[Numpy-discussion] named ndarray axes

Wed Jul 13 23:26:21 EDT 2011

On Wed, Jul 13, 2011 at 7:15 PM, Craig Yoshioka <craigyk at me.com> wrote:
> Yup exactly.  To enable this sort of tracking I needed to explicitly reverse-engineer the effects of indexing on axes.  I figure overriding indexing catches most cases that modify axes, but other holes need to be plugged as well... ie: tranpose, swapaxes.  This probably means most C functions that change array axes (np.mean(axis=), etc.) need to be covered as well.... that sucks.
>
> BTW, it sounds like you're trying to track very similar data.  I am trying to load structural biology data formats, and I try to preserve as much of the metadata as possible, ie: I am encoding unit cell length/angle information as vectors, etc.
>
> Here is my implementation:
>
>    def __getitem__(self,idxs):
>        idxs,trans,keep = idx_axes(self,idxs)
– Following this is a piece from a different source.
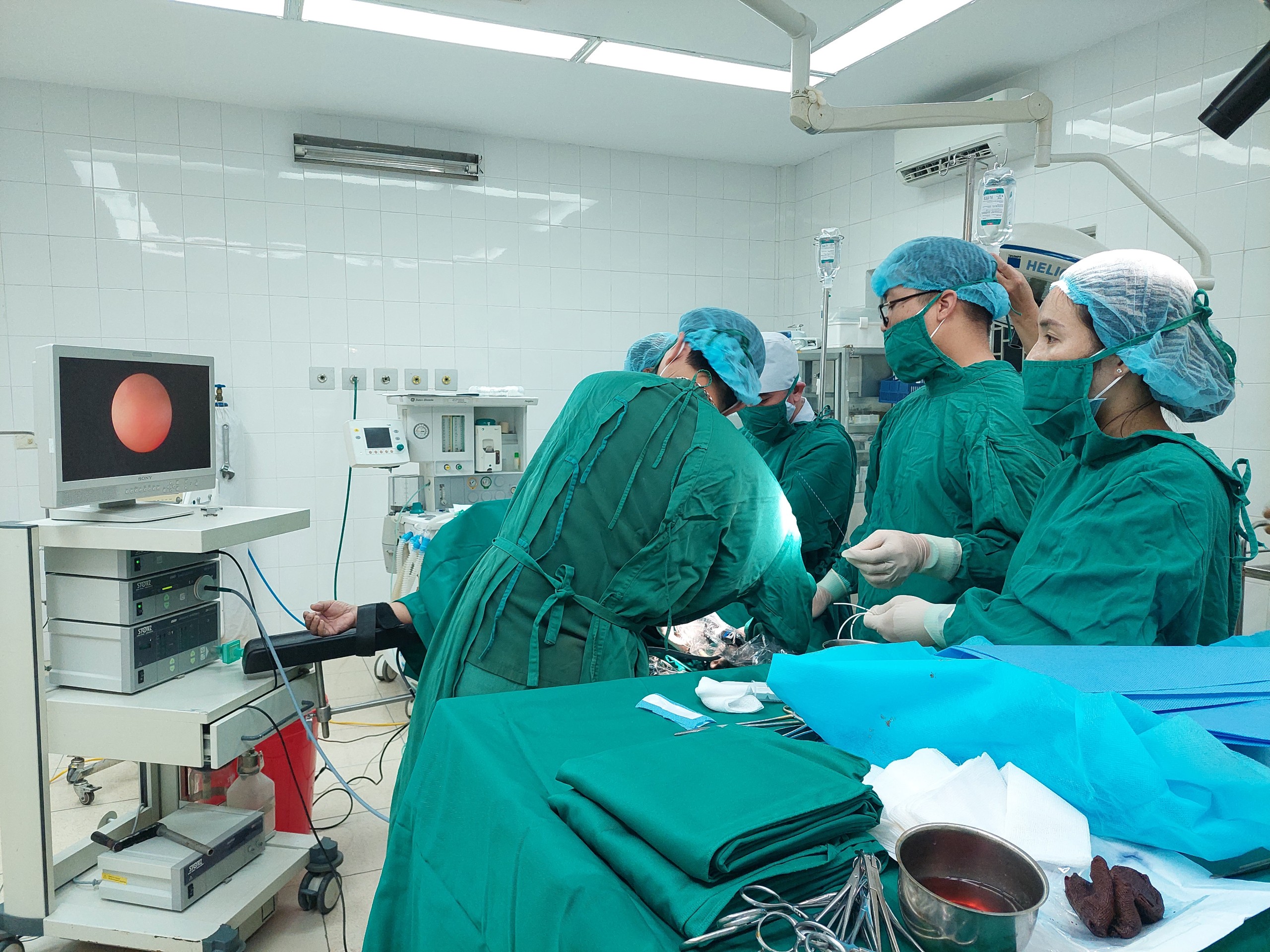 Sau hội chẩn, kíp mổ Viện Y học Hải quân có sự chỉ đạo và chuyển giao kỹ thuật của Bệnh viện Trung ương Quân đội 108, trực tiếp là TS.BS Kiều Đức Vinh (Phó Chủ nhiệm Khoa Tiết niệu trên), chỉ định phương pháp lấy sỏi qua da cho 2 bệnh nhân.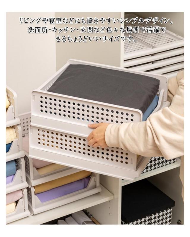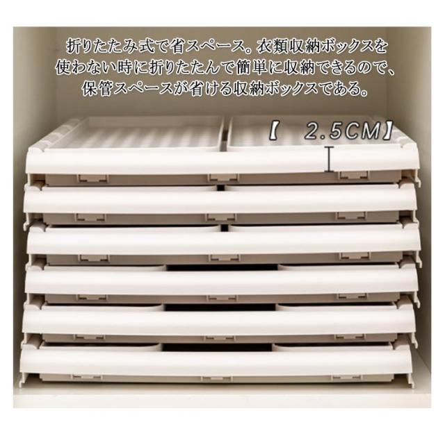 | 折りたため・スライド式衣類収納ケース。 オープンタイプで何が収納してあるか一目で見えるから探し物がすぐに見つかる。 スライド式なので、重ねた状態でも、スムーズにスライドでき、下段の衣類が取り出しやすく、崩れることなし。 高密度のポリプロピレンを採用して、強度も抜群。変形しにくく耐久性も持っています。 折りたたみ式で省スペース。衣類収納ボックスを使わない時に折りたたんで簡単に収納できるので、保管スペースが省ける収納ボックスである。着脱可能なフレームのため、引出の増減が可能です。 通気穴の設計で、湿気を簡単に放出させるので、服の乾燥性と快適性を保ちます。クローゼット収納だけでなく、キッチンやお風呂等のところにも適用します。 リビングや寝室などにも置きやすいシンプルデザイン。洗面所・キッチン・玄関など色々な場所で活躍できるちょうどいいサイズです。 | |

>        array = self.view(np.ndarray).transpose(trans)
>        array = array[idxs]
>        if isinstance(array,ndarray):
>            array = array.view(self.__class__)
>            array.axes = self.axes.transpose(keep)
>        return array
>
>
> def idx_axes(array,idxs):
>
>    # explicitly expand ellipsis
>    expanded_idxs = idx_expanded(array.ndim,idxs)
>
>    # determine how the axes will be rearranged as a result of axes-based indexing
>    # and the creation of newaxes
>    remapped_axes = idx_axes_remapped(array.ndim,array.axes,expanded_idxs)
>
>    # determine numpy compatible transpose, before newaxes are created
>    transposed_axes = idx_axes_transposed(remapped_axes)
>
>    # determine numpy compatible indexes with axes-based indexing removed
>    filtered_idxs = idx_filtered(expanded_idxs)
>
>    # determine which axes will be kept after numpy indexing
>    kept_axes = idx_axes_kept(remapped_axes,filtered_idxs)
>
>    return filtered_idxs,transposed_axes,kept_axes
>
>
> def idx_expanded(ndim,idxs):
>    '''
>    explicitly expands ellipsis taking into account newaxes
>    '''
>
>    if not isinstance(idxs,tuple):
>        return idx_expanded(ndim,(idxs,))
>
>    # how many dimensions we will end up having
>    ndim = ndim + idxs.count(newaxis)
>
>    filler = slice(None)
>
>    def skip_ellipsis(idxs):
>        return tuple([filler if isinstance(x,type(Ellipsis)) else x for x in idxs])
>
>    def fill_ellipsis(ndim,l,r):
>        return (filler,)*(ndim-len(l)-len(r))
>
>    # expand first ellipsis, treat all other ellipsis as slices
>    if Ellipsis in idxs:
>        idx = idxs.index(Ellipsis)
>        llist = idxs[:idx]
>        rlist = skip_ellipsis(idxs[idx+1:])
>        cfill = fill_ellipsis(ndim,llist,rlist)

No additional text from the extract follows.